# Detecting Modularity in Deep Neural Networks

## Coding Environment Setup

Requirements: Python 3.7 (not tested with earlier versions)

The environment is set up in a Python virtual environment. To do so:

1. Clone this repository

2. Install `graphviz`
   1. Ubuntu/Debian: `apt intall graphviz`
   2. MacOS: `brew install graphviz`

3. Install with `pipenv install --dev`

4. On MacOS **only**, you will need to install `pygraphviz` separatly:
   `pipenv run pip install pygraphviz --install-option="--include-path=/usr/local/Cellar/`

5. To set up the dependencies and finish, type `cd nn_clustering` and `./build.sh`

6. To prep the virtual environment, type `pipenv shell`

7. Install packages with `pipenv install --system`. Additionally, post-hoc install: `pipenv install image-classifiers==1.0.0 tensorflow-datasets`

One final note: in several parts of the repository, absolute paths are coded which start with `project/nn_clustering/`. This works for running things through a docker container, but for the purposes of review, instructions for the docker container are not included here.
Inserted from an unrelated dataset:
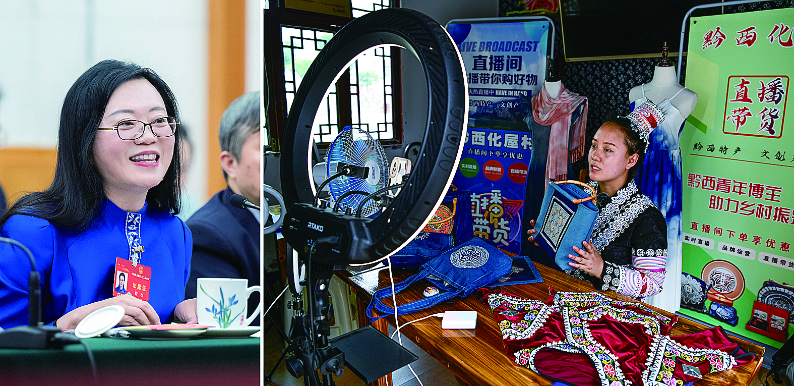 左图:全国人大代表夏华建议,让指尖技艺变成指尖经济。 右图:绣娘杨文丽在贵州省黔西市新仁苗族乡化屋村的文创产品直播间推介苗绣文创产品(2023年5月30日摄)。 新华社发

If needed, we recommend doing a project-wide find and replace for places in which these absolute paths are used. 

## Instructions

This requires the Imagenet2012 validation dataset. You will need to register at [http://www.image-net.org/download-images](http://www.image-net.org/download-images) and obtain a link to download the dataset. Then execute the following.
```bash
mkdir datasets
mkdir datasets/imagenet2012
cd datasets/imagenet2012
wget [YOUR LINK HERE]
```
That's all! When running experiments with imagenet models, tfrecords will be created automatically from the `.tar` file.

See `shells/prepare_all.sh` for commands to make datasets, train networks, cluster, and perform experiments. We use `make` with a `Makefile` to streamline running things. But rather than simply running `shells/prepare_all.sh`, you may wish to only parts of it. It will take a long time, even with a GPU.